Attempting to parse his behavior, Sanford even included dancing as one of the activities he considered to be an out-of-bounds encounter. WOW! At the very least I thought we were talking second base. Apparently these tip-toes up to the "sex line" were a dress rehearsal (actually an un-dress rehearsal) for the main event with Maria Belen Chapur, of Buenos Aires hot tamale fame. We have been spared a blow-by-blow (sorry) description of his activities in the Southern Hemisphere but it's clear that Governor Sanford pole-vaulted over the "sex line" with room to spare.


My personal favorite was his description of a trip to New York, ostensibly to end the affair with Ms. Chapur. Deciding that an email brush-off would be gauche, Governor Sanford not only went to meet his lady in Manhattan, he brought along a "spiritual advisor". This reverse Cyrano act apparently didn't go as planned. I suspect that the spiritual advisor was asked to wait in the car while Governor Hot Pants rekindled his love. Wouldn't you love to have been on that plane ride back to South Carolina?

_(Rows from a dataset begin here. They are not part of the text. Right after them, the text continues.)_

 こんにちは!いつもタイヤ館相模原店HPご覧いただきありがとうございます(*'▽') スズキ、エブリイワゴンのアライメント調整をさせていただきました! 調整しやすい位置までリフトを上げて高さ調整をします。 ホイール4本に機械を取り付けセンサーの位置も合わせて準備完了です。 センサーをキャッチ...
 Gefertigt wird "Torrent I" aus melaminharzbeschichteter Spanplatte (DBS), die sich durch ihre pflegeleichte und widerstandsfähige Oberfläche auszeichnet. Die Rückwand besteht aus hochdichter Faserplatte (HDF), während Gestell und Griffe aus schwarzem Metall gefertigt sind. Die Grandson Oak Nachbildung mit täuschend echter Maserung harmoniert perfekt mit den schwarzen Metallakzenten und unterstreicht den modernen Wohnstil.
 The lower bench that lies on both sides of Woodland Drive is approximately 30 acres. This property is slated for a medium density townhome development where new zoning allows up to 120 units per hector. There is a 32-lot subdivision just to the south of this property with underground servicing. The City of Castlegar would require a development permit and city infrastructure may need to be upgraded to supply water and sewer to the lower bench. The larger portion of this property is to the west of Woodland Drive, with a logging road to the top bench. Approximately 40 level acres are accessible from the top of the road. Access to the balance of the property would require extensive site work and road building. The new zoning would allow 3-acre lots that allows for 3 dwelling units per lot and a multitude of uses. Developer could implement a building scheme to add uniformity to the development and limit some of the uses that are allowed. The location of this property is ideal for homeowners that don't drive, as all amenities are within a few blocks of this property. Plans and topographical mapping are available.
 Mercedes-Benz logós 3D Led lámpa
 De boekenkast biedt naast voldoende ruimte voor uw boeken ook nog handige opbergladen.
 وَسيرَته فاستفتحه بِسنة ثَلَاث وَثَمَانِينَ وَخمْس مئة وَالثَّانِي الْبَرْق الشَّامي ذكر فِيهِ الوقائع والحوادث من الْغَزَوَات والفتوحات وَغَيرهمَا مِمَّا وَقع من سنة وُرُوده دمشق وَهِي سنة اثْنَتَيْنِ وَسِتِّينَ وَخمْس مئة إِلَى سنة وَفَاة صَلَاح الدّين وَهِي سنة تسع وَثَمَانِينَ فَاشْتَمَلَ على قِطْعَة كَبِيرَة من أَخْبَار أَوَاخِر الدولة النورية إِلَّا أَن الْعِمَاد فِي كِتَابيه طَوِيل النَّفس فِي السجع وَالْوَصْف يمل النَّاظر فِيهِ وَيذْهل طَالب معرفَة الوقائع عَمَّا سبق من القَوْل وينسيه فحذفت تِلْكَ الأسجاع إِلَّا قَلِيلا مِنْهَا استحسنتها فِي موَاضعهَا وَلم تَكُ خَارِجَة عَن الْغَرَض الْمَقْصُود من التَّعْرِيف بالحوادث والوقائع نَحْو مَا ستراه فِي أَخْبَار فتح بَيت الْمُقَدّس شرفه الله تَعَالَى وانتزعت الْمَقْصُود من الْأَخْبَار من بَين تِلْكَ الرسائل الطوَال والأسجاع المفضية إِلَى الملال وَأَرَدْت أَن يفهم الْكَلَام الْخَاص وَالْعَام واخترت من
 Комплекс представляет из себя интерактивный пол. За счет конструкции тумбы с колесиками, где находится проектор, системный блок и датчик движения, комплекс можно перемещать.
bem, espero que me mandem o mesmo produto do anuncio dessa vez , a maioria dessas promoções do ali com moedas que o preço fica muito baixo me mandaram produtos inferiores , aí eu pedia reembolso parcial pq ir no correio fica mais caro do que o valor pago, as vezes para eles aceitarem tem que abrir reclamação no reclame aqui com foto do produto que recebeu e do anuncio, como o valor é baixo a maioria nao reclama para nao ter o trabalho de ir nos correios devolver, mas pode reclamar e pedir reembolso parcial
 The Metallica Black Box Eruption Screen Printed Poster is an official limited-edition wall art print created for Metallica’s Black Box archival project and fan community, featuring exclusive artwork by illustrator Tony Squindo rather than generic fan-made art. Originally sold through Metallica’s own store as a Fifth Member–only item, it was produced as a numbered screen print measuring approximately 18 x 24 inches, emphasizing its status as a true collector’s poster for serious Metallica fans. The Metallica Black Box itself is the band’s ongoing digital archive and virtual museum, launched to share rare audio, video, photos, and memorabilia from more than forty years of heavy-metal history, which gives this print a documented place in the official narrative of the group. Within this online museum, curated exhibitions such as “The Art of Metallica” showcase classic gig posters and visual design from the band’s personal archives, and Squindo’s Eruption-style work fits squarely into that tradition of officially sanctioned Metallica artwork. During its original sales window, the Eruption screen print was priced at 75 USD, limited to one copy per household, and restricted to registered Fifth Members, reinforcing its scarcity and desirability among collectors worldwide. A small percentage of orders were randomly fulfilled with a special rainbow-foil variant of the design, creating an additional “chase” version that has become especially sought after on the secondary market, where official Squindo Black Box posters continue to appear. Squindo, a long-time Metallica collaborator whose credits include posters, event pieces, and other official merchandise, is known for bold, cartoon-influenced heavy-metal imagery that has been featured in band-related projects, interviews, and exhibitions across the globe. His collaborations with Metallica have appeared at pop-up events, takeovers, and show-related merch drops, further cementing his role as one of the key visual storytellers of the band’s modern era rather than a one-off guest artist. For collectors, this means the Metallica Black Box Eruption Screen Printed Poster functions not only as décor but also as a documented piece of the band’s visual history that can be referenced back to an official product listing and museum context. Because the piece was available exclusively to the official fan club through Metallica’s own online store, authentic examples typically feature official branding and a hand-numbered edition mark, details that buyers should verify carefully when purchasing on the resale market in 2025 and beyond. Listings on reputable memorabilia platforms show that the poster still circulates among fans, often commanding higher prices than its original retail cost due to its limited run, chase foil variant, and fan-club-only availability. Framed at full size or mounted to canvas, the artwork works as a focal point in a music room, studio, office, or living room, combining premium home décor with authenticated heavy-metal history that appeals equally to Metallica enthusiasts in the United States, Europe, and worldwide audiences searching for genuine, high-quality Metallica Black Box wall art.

Sanford has delivered a personal check (presumably not from the couple's joint account) for $3,000 to cover the cost of his recent get-away in Argentina. Apparently, when it comes to soul mates, coach class is enough to get the job done. Former Governor Elliot Spitzer, upon hearing this news, remarked that at least he never paid that much for one roll in the hay. To be fair, Spitzer was only partaking of the domestic fare. Sanford's tastes run more toward the intercontinental.

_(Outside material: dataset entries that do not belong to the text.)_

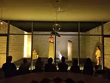 The Watermill Center is "a laboratory for performance" founded by Robert Wilson in 1992 on the site of a former Western Union research facility.[1] The Watermill Center is located in Water Mill, New York, and was officially opened to the public in 2006.[2] Its programming currently consists of year-round artist residencies and exhibitions, a public summer lecture series, and a collaborative summer program for young and emerging artists from a variety of disciplines.[3] As a unique center for all the arts working in collaboration, The Watermill Center has been called "the academy of the 21st-Century" by anthropologist Edmund Carpenter, and described by the New York Times as a contemporary " Bayreuth minus the nationalism and the exclusive dedication to the founder's work,"[4] In the manner of The Pina Bausch Foundation in Wuppertal, Germany, The Watermill Center is both a study center for research on Wilson's theater and a workspace for creative development.[5] Wilson himself has described Watermill as "a think tank, a contemplative arcade where all kinds of different things can happen."[6]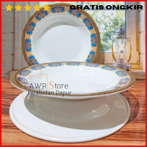 Promo Satu Lusin Piring Melamine Lebar 23.cm Motif Batik List Kualitas Food Grade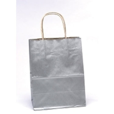 Silver Solid Gift Bag 7.75" x 3.75" x 9.75" Versatile & Sturdy Packaging for Your Spa or Salon. The Silver Solid Gift Bag 7.75" x 3.75" x 9.75" is the perfect solution for your spa or salon's retail needs. Whether you're packaging a special product for clients or preparing a beautiful gift for a valued customer, this silver bag brings a touch of elegance and practicality. Designed to suit a variety of items, it provides the durability you need while adding a refined, upscale look. When you choose this gift bag, you are ensuring that your clients receive their purchases with the quality they deserve, reflecting the care and attention that you put into your services. Its a thoughtful, high-quality choice that helps you elevate your client experience and boost the perceived value of your retail offerings.

Anyway, Senators Lindsey Graham, Jim Demint and the rest of the religiously damaged Conservatives of South Carolina are praying for a reconciliation between Governor Sanford and his wife of 20 years. They are also praying that Lt. Governor Andre Bauer does not become the new governor. Even if God came from a red state, this would be a tall order. Comments like " I can die knowing I met my soul mate" would only be helpful if the Governor were talking about his wife. He wasn't. Mrs. Sanford, AKA, the dutiful wife, is sequestered on Sullivan Island in South Carolina, presumably plotting to ensure that her soon-to-be-former husband couldn't be elected secretary of the Aiken Little League Association. She has been quoted as saying she might be able to forgive her chronically wayward husband. This will presumably coincide with the freezing over of either hell or Buenos Aires.